It’s common wisdom that behind every great wheel lies another great wheel.

Case in point: Check out this video featuring the Triumph Infor Rocket Streamliner preparing for greatness just moments before it clinched the land speed record for the world’s fastest-ever Triumph motorcycle on Utah’s Bonneville Salt Flats, reaching a speed of 274.4 mph. The maintenance dolly that supports this aerodynamic powerhouse is rolling on none other than…you guessed it…Hamilton casters. Only the best for setting a land speed record with a carbon fiber motorcycle.

Piloted by Guy Martin, the streamliner bested the previous Triumph record of 245.667 mph. Powered by what essentially amounts to two street-legal motorcycle engines strapped together with a combined 1,000 bhp at 9,000 rpm, the streamliner was built with American ingenuity by mechanical engineer Matt Markstallar. He and his team were inspired by aerodynamic outlines developed by NASA to build the Rocket. “We used something called computational fluid dynamics modeling, which is like a virtual wind tunnel,” he said. “This enables us to continually adapt the design to achieve maximum efficiency.”
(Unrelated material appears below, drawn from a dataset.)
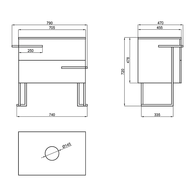 Тумба напольная Qtap Taurus 70х47 со столешницей QT2480TNT703WO белый дуб

This was the first bike design for Markstallar, who has plenty of hot rods, Interstate Racing sprinters and Bonneville cars under his belt. He said he wanted to make a modern-day assault vehicle that combines all the racing prowess of the Triumph-powered Land Speed Record vehicles of the 1960s with today’s technology in engineering, aerodynamics, safety and power-plant performance.

They say the conditions were perfect that day in August 2016 when the Rocket claimed the record at 8:30 a.m. We’re proud to have been a part of that cycle to victory.

After all, one good turn deserves another.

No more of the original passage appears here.